How can I integrate (1/(1-cos x)) dx without using cos x= (1-z^2)/(1+z^2)?

[ae4jm]

[SOLVED] Integrate (1/(1-cos x)) dx

Homework Statement

\int \frac{1}{1-cos x} dx

Homework Equations

The Attempt at a Solution

I found in the book where they used the cos x= \frac{1-z^2}{1+z^2}, but we haven't went over this in class yet. I'm wandering what my other options are to integrate this problem? Can anyone please give me a good start on finding this integral? Thanks for your help!

 

[Snazzy]

A small hint: make the bottom equal to (sinx)^2. You'll have to then use reciprocal trig functions after that.

 

[ae4jm]

Integrate (1/1-cosx))dx

Thanks for your help.

Now I've got the integral of (1+cosx)/(sin x)^2 dx

Will I use a u substitution after applying the reciprocal identities.

The possibilities so far are making cos x=1/sec x, 1=cos x/cox x, and I don't think that (sin x)^2 is =1/(csc x)^2

What did I do wrong? Do I need to substitute?

 

[Snazzy]

You don't need to make a substitution. Think about how you can make that integral into an integral containing nothing but reciprocal trigonometric functions.

 

[tiny-tim]

\int \frac{1}{1-cos x} dx

Hi ae4jm!

Simplest method is to rewrite it as:

\int \frac{1}{2.sin^2(x/2)} dx\,,​

which you should instantly recognise as the derivative of … ?

 

[ae4jm]

How did you get it to this problem?

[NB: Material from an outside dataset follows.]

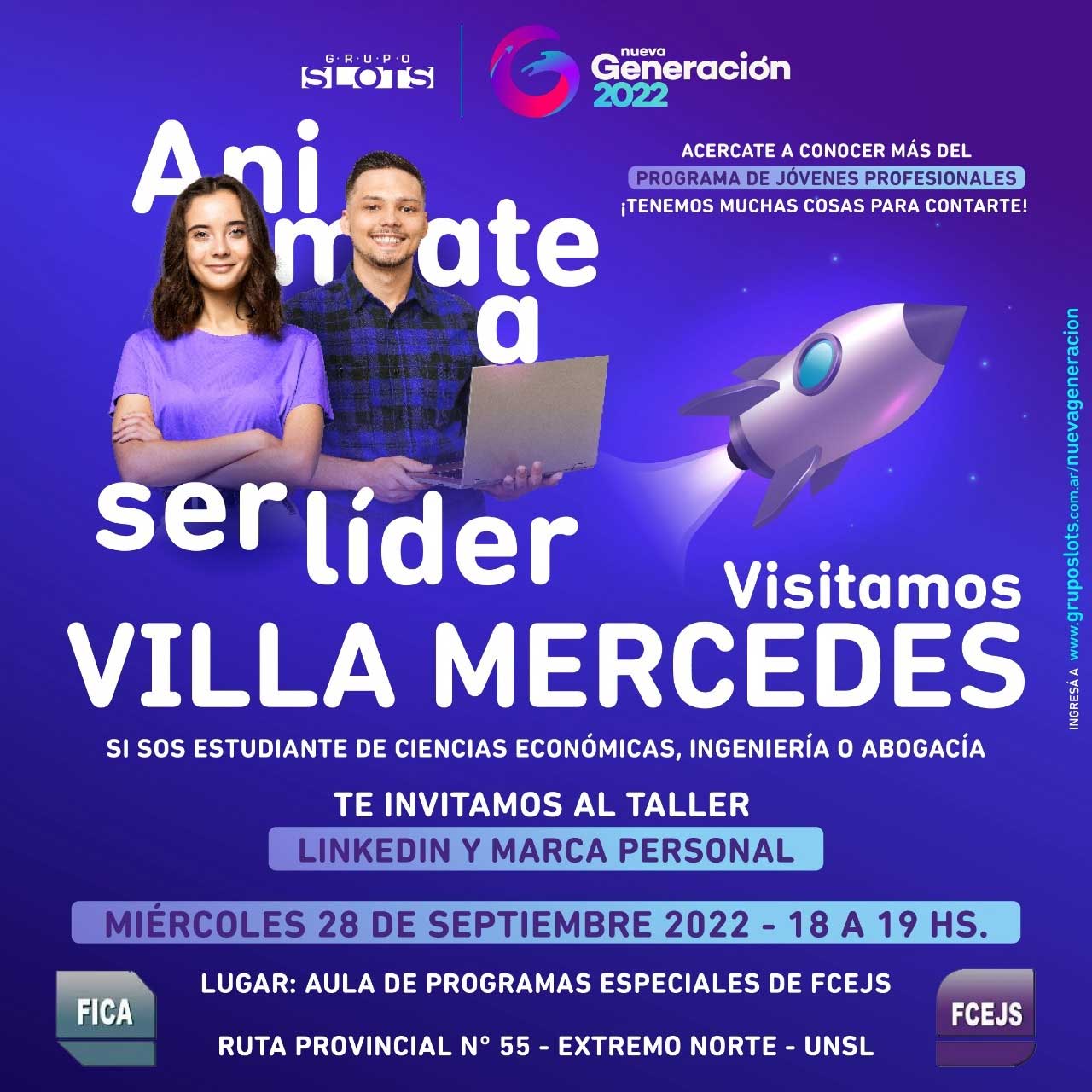 La Coordinación de Extensión, Vinculación y Transferencia convoca a estudiantes de 4° y 5° año de ingeniería a participar del taller que brindará la empresa Grupo Slots, sobre “Linkedin y Marca Personal”. El mismo se llevará a cabo en el edificio “Espacio Programas Especiales” de la FCEJS, este miércoles 28 de septiembre de 18 a 19 horas.

I know that there will know be the multiplied 1/2 in front of the integral.

 

[tiny-tim]

… standard trig equation …

This is a standard trig equation which you should know:

cos2x\,=\,cos^2x - sin^2x

=\,2cos^2x\,-\,1

=\,1\,-\,2sin^2x​

(And also, of course: sin2x = 2.cox.sinx)

 

[rocomath]

Multiply numerator and denominator by:

1+\cos x

 

[ae4jm]

I started with trying to find the integral of 1/(1-cosx) dx.

I then multiplied the numerator and denominator by 1+cosx and I then have:

integral (1+cos x)/(1-cos^2 x) dx and that is when I tried using trig identities and I am still just not seeing the simplification steps.

LOL, I think that maybe my light isn't turning on tonight.

 

[rocomath]

\int\frac{1}{1-\cos x}dx

\int\frac{1+\cos x}{1-\cos^2 x}dx

\int\left(\frac{1}{\sin^2 x}+\frac{\cos x}{\sin^2 x}\right)dx

Continue simplifying ... use a Trig identity for the left and the right simply needs a u-sub.

 

[Snazzy]

Doesn't necessarily need a sub if you can remember what the integrals of (cscx)^2 and cotxcscx are.

 

[rocomath]

Doesn't necessarily need a sub if you can remember what the integrals of (cscx)^2 and cotxcscx are.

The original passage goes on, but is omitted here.